**PROBLEM REQUIREMENTS:**
Below is a listing. Write out exactly its lines between the one holding "Скачать программу MKey" and the one holding "Кропило большое деревянное", inclusive.

═════ DATA PROVIDED

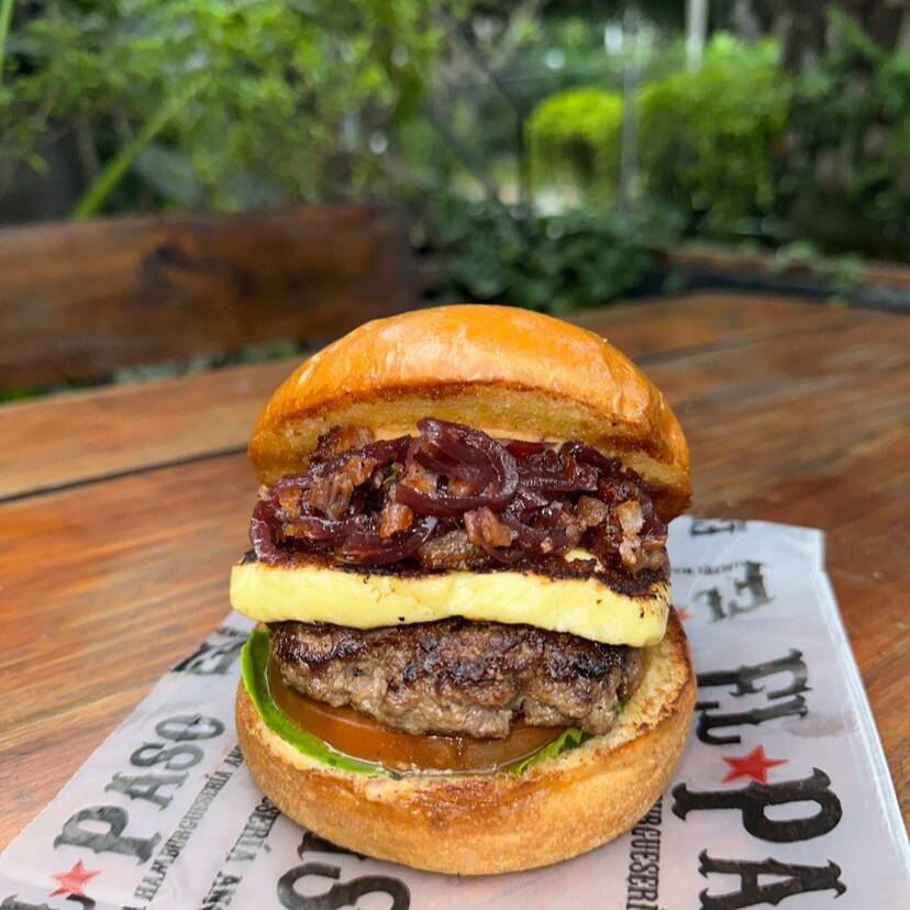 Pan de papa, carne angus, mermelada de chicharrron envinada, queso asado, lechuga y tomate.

══════════
═════ DATA PROVIDED

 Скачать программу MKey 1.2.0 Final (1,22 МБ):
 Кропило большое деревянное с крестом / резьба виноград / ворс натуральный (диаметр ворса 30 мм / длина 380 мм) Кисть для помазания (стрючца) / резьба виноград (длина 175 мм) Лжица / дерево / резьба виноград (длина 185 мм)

══════════
═════ DATA PROVIDED

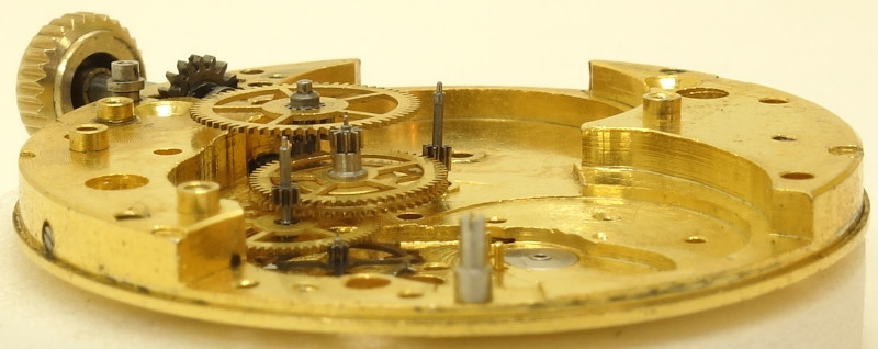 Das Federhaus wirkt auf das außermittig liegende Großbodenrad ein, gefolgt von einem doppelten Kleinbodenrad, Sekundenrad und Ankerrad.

══════════

**SOLUTION FOR THIS TASK:**
 Скачать программу MKey 1.2.0 Final (1,22 МБ):
 Кропило большое деревянное с крестом / резьба виноград / ворс натуральный (диаметр ворса 30 мм / длина 380 мм) Кисть для помазания (стрючца) / резьба виноград (длина 175 мм) Лжица / дерево / резьба виноград (длина 185 мм)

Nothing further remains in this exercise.